On November 3rd, South Dakota became the 15th state to legalize cannabis for recreational use. South Dakota made history by going from the complete prohibition to the total legalization of cannabis.
Currently, 15 states and the District of Columbia have fully legalized cannabis and an additional 16 states have decriminalized it. But, what is the difference between legalization and decriminalization? Is one preferable to the other? Is decriminalization dangerous? Let’s look at what constitutes each and find out.
Understanding the difference between cannabis decriminalization and legalization is crucial as President elect Joe Biden and Vice President elect, Kamala Harris, stated their support for decriminalization according to Marijuana Moment.
Decriminalization usually precedes legalization. A state often decriminalizes cannabis for the intent of keeping it illegal while eliminating jail time as a penalty. Instead, the penalty for possession is often a fine. This is confusing as possession and use of cannabis is still prohibited by law. However, perpetrators are virtually protected from criminal prosecution under decriminalization.
If caught with a small amount of cannabis, decriminalized states treat this as a minor traffic violation.
Conversely, selling or possessing large quantities of cannabis is still against the law and therefore liable to prosecution. The latter is considered possession with intent to distribute — a completely different offense than possession in small quantities.
A study on public health concerns surrounding legalization suggested that many supported it in an effort to reduce prison populations and crime rates. However, this same study also shows that legalization correlated with an increase in homicide rates and hate crimes. Subsequently, cannabis’ legalization caused an increase in demand, leading to increased availability and lower costs. Decriminalization may be a good alternative to legalization by decreasing prison populations while possibly avoiding some of the negative correlations mentioned.
However, while most don’t consider cannabis decriminalization dangerous, there’s concern over underage usage.

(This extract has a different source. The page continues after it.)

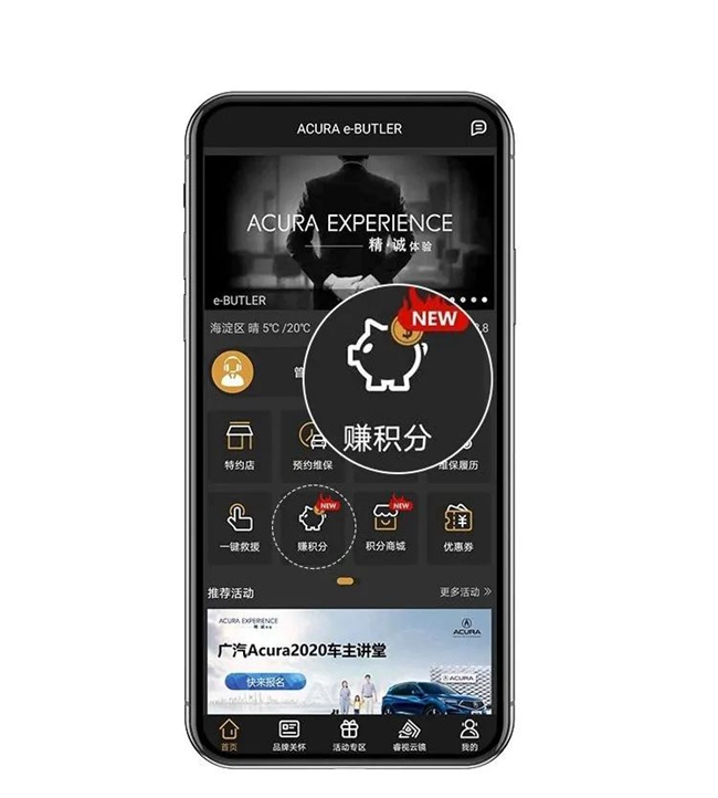 在现场的采访中,广汽本田汽车销售有限公司第二事业本部客户服务部部长井上贵仁先生还特别介绍了e-BUTLER APP最新上线积分商城和赚积分功能。为方便用户的用车生活,广汽Acura通过联盟各大知名电商,为用户打造全场景消费服务平台,实现人车生活的全面覆盖,满足用户一站式个性化需求;新增的积分功能还可通过日常消费赚取Acura积分,兑换各类汽车养护礼品和尊享服务,让养车更加实惠。

A study from the National Institutes of Health (NIH) reports that cannabis arrests involving underage youth decreased in legal states. But these arrest rates still contribute to a large amount of cannabis arrests.
In legal states, arrests among adults decreased more than those among youths. Implying that decriminalization might lower youth arrests more than legalization, the study states, “Decriminalizing marijuana and reducing penalties for underage youth would help reduce marijuana arrests.”
Legalization changes the status of cannabis from illegal to legal. However, this process varies from state to state. In 15 states, cannabis is legal for medicinal and recreational use for adults age 21 and older.
In another 20 states, cannabis is completely legal for medical use. 13 of these 20 states have decriminalized cannabis. Again, this can be a bit confusing. According to the Marijuana Policy Project (MPP), medical cannabis is legal in these states, and for the sake of understanding, possessing small amounts of it for recreational use is a fineable offense.
Cannabis is legal for medicinal purposes in additional 13 states, but there is a limit on the amount of THC that can be used. Two of these 13 states — North Carolina and Virginia — have decriminalized cannabis.
This leaves only two states, Idaho and Nebraska, where no legalization legislation has passed. However, Nebraska has decriminalized cannabis. Thus, Idaho is the only state which completely prohibits any possession or use of cannabis.
The Legality of THC
Just as we have seen states overturn federal law prohibiting the use of CBD, we see the same with THC. It should be noted that hemp is completely legal to use and grow in the U.S. Although CBD and THC are derivatives of hemp, the laws on how much THC concentration is legal remain murky.
According to Vape Fuse, the U.S. Food and Drug Administration (FDA) has determined that products with a concentration of under .3% THC are legal for “educational and academic purposes.”
In essence, the entire process of legalization begins with decriminalization and progresses towards legalization in an effort to circumvent federal policy. THC and high THC concentration products are simply going through this journey more slowly than CBD products.
Ultimately, it is likely THC will follow the same path to legalization that CBD has.